Martin began his career teaching at Sardis High School in Mason County for $80.60 a month. In 1938 he became principal of the county's Orangeburg High School. He joined the U.S Army Air Corps during World War II and was a weather forecaster, achieving the rank of technical sergeant. He returned to Mason County to be principal at Woodleigh Junior High for a short time until he became principal of Lee County High School in Beattyville. In 1948 the state Department of Education hired him as an auditor; he became its finance director and played a role in enacting the state's Minimum Foundation Act for local schools in 1954.

Martin earned his master's degree in education at the University of Kentucky, his doctoral degree at Columbia University in 1951, and married Anne Hoge of Frankfort in 1952.

In 1955, Martin was elected as the 30th Kentucky Superintendent of Public Instruction, winning with 432,410 votes (61.2%) against Republican candidate Verne P. Horne. He assumed office on December 26.

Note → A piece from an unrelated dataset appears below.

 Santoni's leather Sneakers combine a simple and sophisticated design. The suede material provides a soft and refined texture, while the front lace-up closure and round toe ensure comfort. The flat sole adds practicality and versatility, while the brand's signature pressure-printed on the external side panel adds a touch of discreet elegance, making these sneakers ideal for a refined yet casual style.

Martin also served as state finance commissioner for Gov. Bert Combs, for whom he had been campaign chair, co-chair and vice-chair; and became the sixth president of Eastern Kentucky State College on July 1, 1960.

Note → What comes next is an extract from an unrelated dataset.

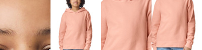 10-ounce, 80/20 combed ring spun cotton/recycled polyester fleece 75/25 cotton/polyester (Heather Gray) 100% cotton face Shoulder to shoulder binding Tear-away label Halfmoon at back neck Hoodie with no drawcords 1x1 rib knit collar Dropped shoulders Front pouch pocket Side seamed 2x2 rib knit cuffs and hem Oversized fit
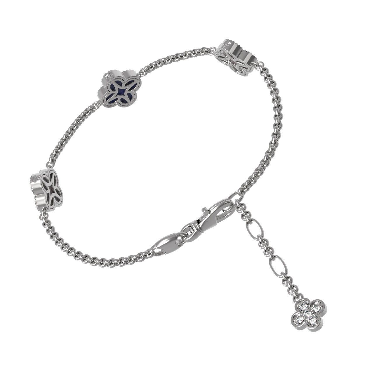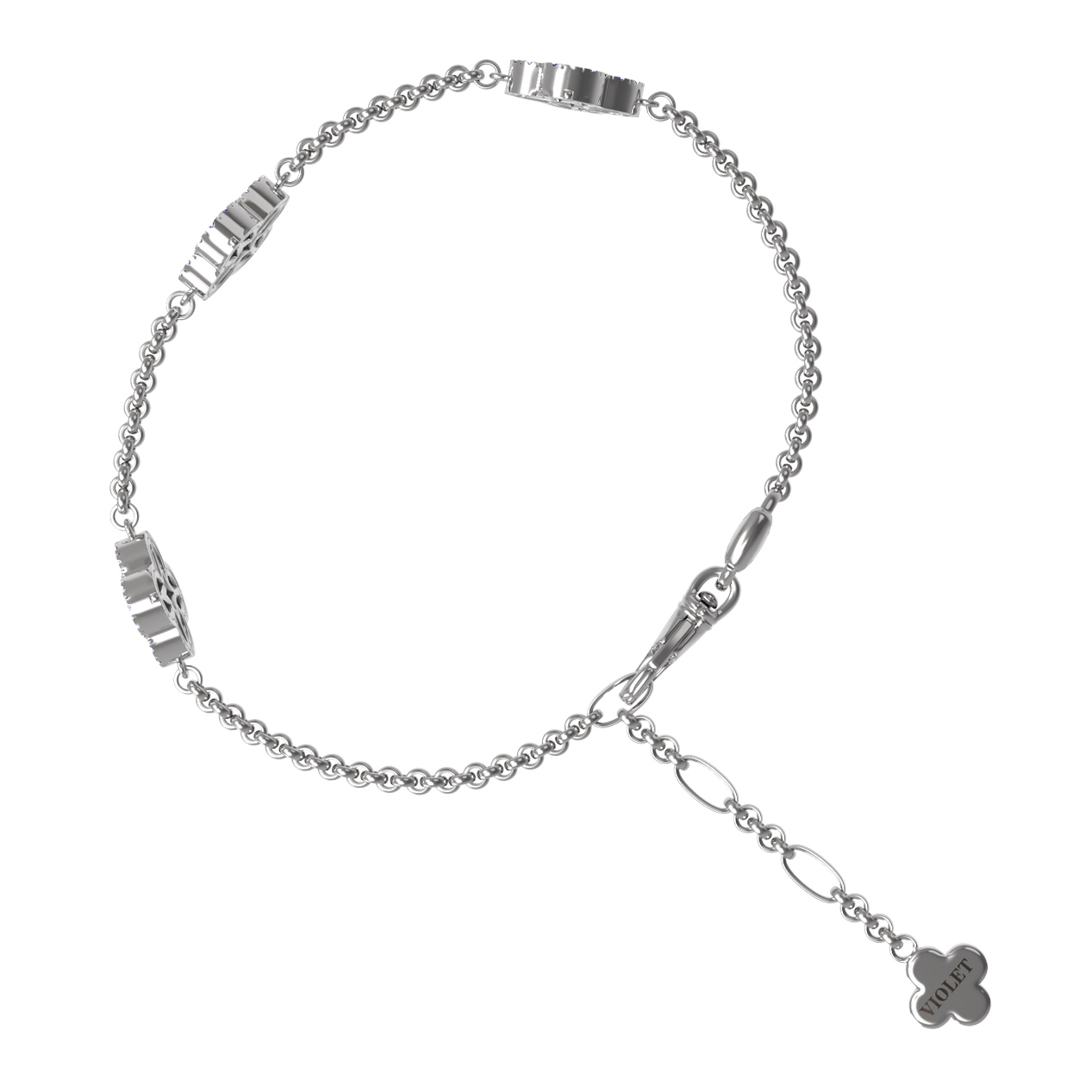 Изысканный браслет из коллекции De Luxe — Цветок клевера — Бриллианты воплощает гармонию роскоши и утонченного стиля. Основа изделия выполнена из благородного белого золота 585 пробы, чей холодный блеск идеально подчеркивает красоту драгоценных вставок. Дизайн украшения строится вокруг изящного символа клевера, который придает образу нежность и нотку романтики.

== Eastern Kentucky University ==

Martin first focused his attention on a building program, especially on the need for dormitories. Soon after the construction began on the Donovan Building, work began on the Alumni Coliseum, Martin Hall (named after him), Brockton, and the Ault and Gibson buildings. In 1965, the institution underwent major academic reorganization with the creation of five separate colleges and a graduate school which are still prevalent today. The campus got state-of-the-art facilities that are still prominent today. During his tenure the university increased its enrollment from 3,000 to 10,000 and added about $100 million in facilities. After serving as President of Eastern Kentucky University for 16 years, Martin retired on September 30, 1976. He was president of the American Association of State Colleges and Universities in 1971.

== State senator ==
Following his retirement from Eastern, Martin decided to reenter politics and ran for Kentucky's 22nd Senate district seat. Martin won the 1977 Democratic primary against Michael Conover, winning with 7,317 votes (53.4%), and won the 1977 Kentucky Senate election against Republican candidate James C. Murphy, winning with 12,360 votes (63.2%). He would assume office on January 1, 1978.

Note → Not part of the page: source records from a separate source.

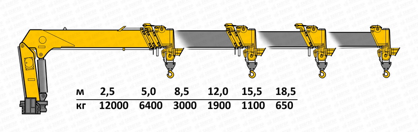 Кран-манипулятор XCMG SQS 300-5 имеет грузоподъемность 12 000 кг и грузовой момент 30 т·м. Максимальный вылет стрелы составляет 18,7 метра, а максимальная высота подъема — 21 метр. Стрела состоит из 4 секций, может подниматься под углом до 75°, кран вращается на 360° непрерывно со скоростью 3 оборота в минуту. Система охлаждения предусмотрена для надежной работы при высоких нагрузках.
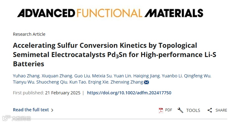 拓扑半金属电催化剂Pd₃Sn用于高性能锂硫电池多硫转化
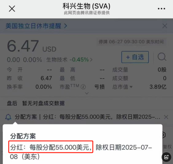 要知道,科兴生物停牌前股价也才为6.47美元/股,市值是3.89亿美元。按第一阶段55美元股息计算,科兴生物的股息率(ttm)将达到850%。换句话说,相当于花100块买股票,直接返现850块。

In 1981, Martin ran for reelection and won the 1981 Democratic primary against challengers John F. Lackey and Marlene Bivins, winning with 7,144 votes (38.5%). Martin was unopposed in the 1981 Kentucky Senate election, winning with 12,519 votes. In all, Martin would serve two full terms in the Kentucky Senate plus an additional year due to a change in the election schedule during his second term.

In 1986, Martin chose not to seek reelection and retired from the Kentucky Senate.

== Later life and honors ==

Martin was one of the first inductees to the Ohio Valley Conference Hall of Fame. Most sports complexes on the EKU campus were established in his tenure. He was married to Anne Hoge, a native of Frankfort, and held a leadership role at the First Presbyterian Church in Richmond. He was elected to a one-year term as president of the State Bank and Trust Company in March 1983. Martin had been a member of the bank board since 1976 when he retired as president. He and his wife established a scholarship for Lincoln County students at EKU.

He remained in Richmond until his passing in 1997. He is buried at the Richmond Cemetery.